Malware Stealthiness as Key Approach
As we learned from our multiple incident response cases, the BazarLoader's strength lies in its stealthy core component and obfuscation capability. The malware's goal is to plant on the high-value targets and reach the server currently via the proxy and the domain generation algorithm on the EmerDNS domain protocol, searching for .bazar domains and resolving the server via the XOR function of the response IP address.
The malware aimed to be stealthy and only load more advanced functionality via third-party components such as Cobalt Strike beacons.

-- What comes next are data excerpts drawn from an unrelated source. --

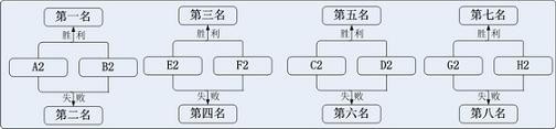 8强赛第一轮对阵图:初赛中进入8强的玩家或者队伍,按预赛和初赛的积分排出1-8名(若积分相同,则再按照神通排序。)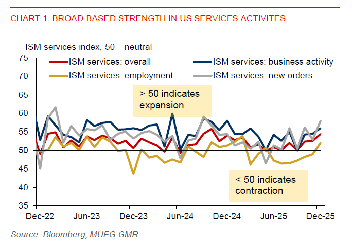 In contrast, the ISM services index delivered a strong upside surprise, climbing to 54.4 in December from 52.6 in November, beating consensus expectations of 52.2. The improvement was broad-based, with new orders jumping to 57.9 from 52.9 and employment rebounding to 52.0 from 48.9. The rebound in services employment is particularly notable, helping to ease concerns about a sharp slowdown in the labour market. Meanwhile, the prices paid sub-index eased slightly to 64.3 from 65.4, indicating that inflationary pressures remain elevated but are gradually moderating.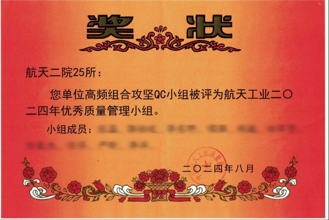航天二院25所2個(gè)QC小組獲評(píng)“航天工業(yè)優(yōu)秀質(zhì)量管理小組”

Such stealthiness allows the crime group to maintain persistency on the host even if the third-party software gets detected by anti-virus software.
BazarLoader: Malware Signing
The group behind also takes advantage of certificate signing, evading particular anti-virus and other software products.
The use of certificate authorities is widespread in the cybercriminal world. Historically it was frequently a domain of advanced persistent threat groups (APTs). BazarLoader demonstrates that alarming trend. The usage of certificates exploits the trust of certificate authorities by using both new and revoked certificates.
While it may be slightly comforting to know that BazarLoader operators use revoked certificates up to six months after their expiration, they can easily purchase new ones. They can buy original code signing certificates for anywhere between $295 USD and $1,799 USD. The screenshot of a product listing by a threat actor selling these certificates illustrates this below.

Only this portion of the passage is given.